Now were getting closer to agreeing. We've both had missed calls. My main issue is with your accusation that mCig is lying. You argue that everything is a lie if it doesn't happen exactly as planned. A lie involves intent to deceive and you have no way of knowing the intent of mCig management. Business plans change and evolve. The test is whether they result in additional revenue, which in mCig's case has happened consistently for three years with zero debt.

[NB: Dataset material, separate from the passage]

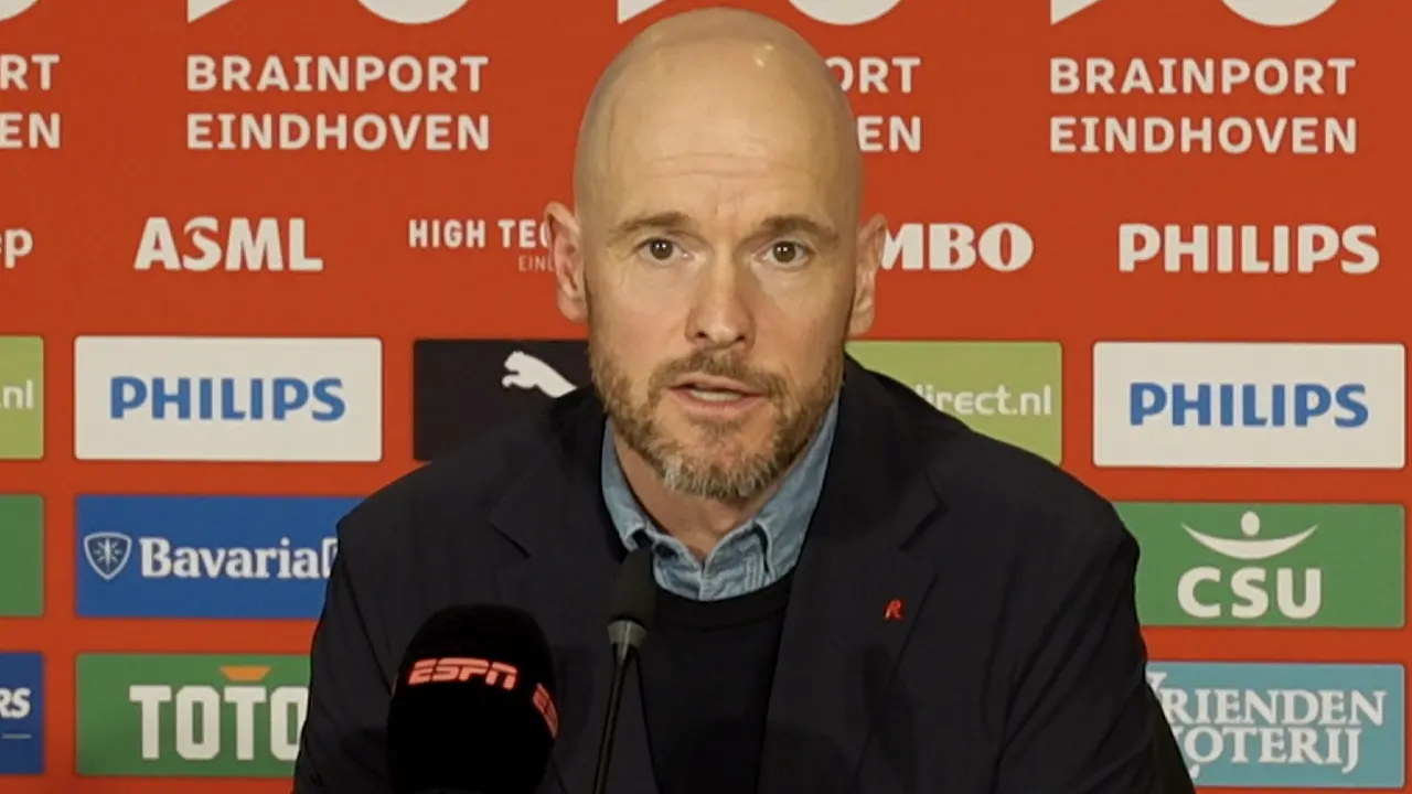 Erik ten Hag op de persconferentie na afloop van PSV-Ajax (1-1).

I've reported my conversations with Paul. He's been quite transparent with me and is the first to admit that he's made some wrong calls. In fact, much of his problems stem from a desire to be too transparent and to let shareholders know his thinking before the plans are solidified. You call these lies. To me they indicate a CEO who's willing to change directions and take the heat whenever one of his initiatives doesn't work out as planned. Yes, it's frustrating. But it's not dishonest.



B.S.

when they decide to change plans, at what point are they letting shareholders know? LOL@being to transparent. Listen, when CAnnapods deal fell - he put out a PR ( a bit late IMO) and was transparent about CAnnapods severing ties and that was true. I don't expect him to call himself out for not executing. But that was 1 deal - all the others have been surrounded with some shroud of mystery even the ones like the "securties company" which was PR'd but not clear. Pulling out of MCIG vaporizers hasn't been clear, all the failures have not been transparent. If this was a big boy company, they woulnd't be able to get away with half of this stuff. But taht's why we are on the OTC boards.